The present work exploits the tumor microenvironment which differs significantly from normal cellular environment in terms of both, having lower extracellular pH and increased angiogenesis capacity. To reduce systemic toxicity of docetaxel (DTX) and increase its therapeutic potential, VEGF antibody functionalized PEGylated pH sensitive liposomes (VEGF-PEG-pH-Lipo-DTX) were developed. The liposomes prepared by thin film hydration technique were later conjugated with VEGF antibody on liposomal surface by standard carbodiimide chemistry and using DSPE-PEG-COOH as linker. The VEGF-PEG-pH-Lipo-DTX displayed particle size of ~206 nm with an entrapment efficiency of ~62%. The transmission electron microscopy images revealed spherical shape of liposomes and corroborated the particle size obtained from zetasizer. The in vitro release study revealed biphasic release pattern of DTX from VEGF-PEG-pH-Lipo-DTX. The % drug released was also significantly higher at pH 5.5 which guarantees rapid endosomal escape and faster intracellular drug release. In case of VEGF-PEG-pH-Lipo-DTX the cellular uptake in MCF-7 cell line was augmented ~3.17-fold as compared to free DTX probably due to the VEGF-positive nature of MCF-7 cell (increased affinity for VEGF). Further, it was evident from the cytotoxicity assay that VEGF-PEG-pH-Lipo-DTX showed higher cytotoxicity in MCF-7 cells and ~5.78-fold reduction in IC₅₀ value as compared to free DTX. The apoptotic index observed in case of VEGF-PEG-pH-Lipo-DTX was ~1.70-fold higher than free DTX. The VEGF-PEG-pH-Lipo-DTX inhibited the proliferation of HUVECs stimulated by VEGF, warranting its anti-angiogenic potential. Furthermore, pharmacokinetic profile of VEGF-PEG-pH-Lipo-DTX revealed a ~2.94-fold increase in t_1/2 and a ~1.25-fold higher AUC _(0→∞) as compared to marketed formulation Taxotere®. Similarly, mean residence time was also increased ~2.50-fold as compared to Taxotere®. Finally, treatment with VEGF-PEG-pH-Lipo-DTX demonstrated significant reduction in % tumor burden (~35%) as compared to Taxotere® (~75%). Thus, the combined approach of using PEGylated pH sensitive liposomes along with VEGF antibody functionalization for efficient targeting can improve current standards of DTX therapy for treatment of breast cancer.

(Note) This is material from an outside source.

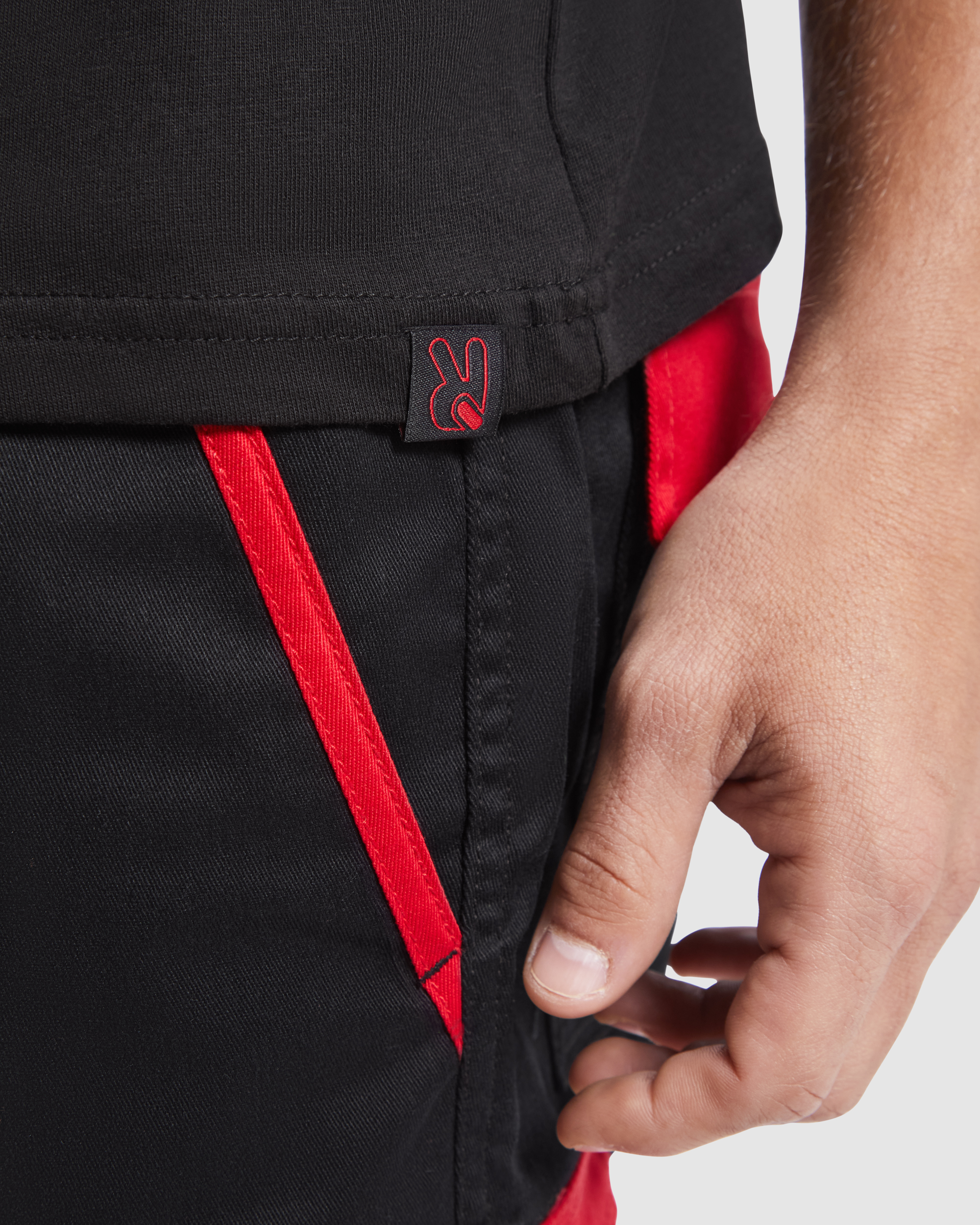 Camiseta de manga corta en colores combinados. · Cuello redondo con cubre costuras interior a contraste. · Costuras laterales. · Piezas de hombros y detalles a contraste.
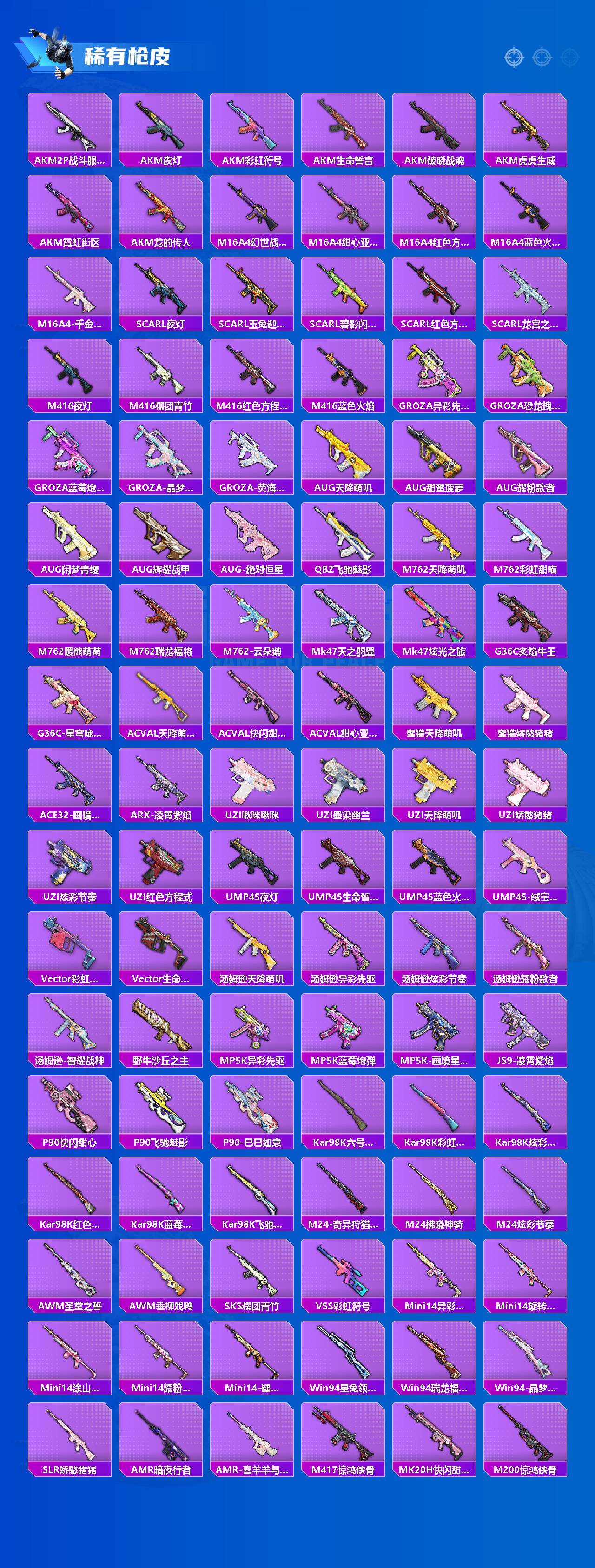 【稀有枪皮】:AKM-2P战斗服款,AKM-夜灯,AKM-彩虹符号,AKM-生命誓言,AKM-破晓战魂,AKM-虎虎

目前的工作是利用肿瘤微环境，该环境与正常细胞环境有明显的区别，两者具有较低的细胞外pH和增加的血管生成能力。为了降低多西紫杉醇（DTX）的全身毒性并增加其治疗潜力，开发了VEGF抗体功能化的PEG化pH敏感脂质体（VEGF-PEG-pH-Lipo-DTX）。随后通过标准碳二亚胺化学反应并使用DSPE-PEG-COOH作为接头，将通过薄膜水化技术制备的脂质体与VEGF抗体在脂质体表面偶联。VEGF-PEG-pH-Lipo-DTX显示〜206 nm的粒径，包封率为〜62％。透射电子显微镜图像显示脂质体为球形，并证实了从ZETASizer获得的粒径。在体外释放研究揭示了DTX从VEGF-PEG-pH-Lipo-DTX的双相释放模式。在pH 5.5时，药物释放的百分比也显着更高，从而保证了快速的内体逸出和细胞内药物的快速释放。在VEGF-PEG-pH-Lipo-DTX的情况下，与游离DTX相比，MCF-7细胞系的细胞摄取增加了〜3.17倍，这可能是由于MCF-7细胞的VEGF阳性（增加了对VEGF的亲和力） ）。此外，从细胞毒性试验中可以明显看出，VEGF-PEG-pH-Lipo-DTX在MCF-7细胞中显示出更高的细胞毒性，在IC _50中降低约5.78倍与免费DTX相比的价值。在VEGF-PEG-pH-Lipo-DTX的情况下观察到的细胞凋亡指数比游离DTX高约1.70倍。VEGF-PEG-pH-Lipo-DTX抑制了VEGF刺激的HUVEC的增殖，从而具有抗血管生成的潜力。此外，VEGF-PEG-pH-Lipo-DTX的药代动力学特征显示t _1/2升高约2.94倍，AUC升高约1.25倍_{（0→∞）}与市售配方Taxotere®相比。同样，与Taxotere®相比，平均停留时间也增加了约2.50倍。最后，与（约75％）相比，用VEGF-PEG-pH-Lipo-DTX治疗可显着降低肿瘤负荷百分比（〜35％）。因此，将PEG化pH敏感脂质体与VEGF抗体功能化一起用于有效靶向的组合方法可以改善用于治疗乳腺癌的DTX疗法的当前标准。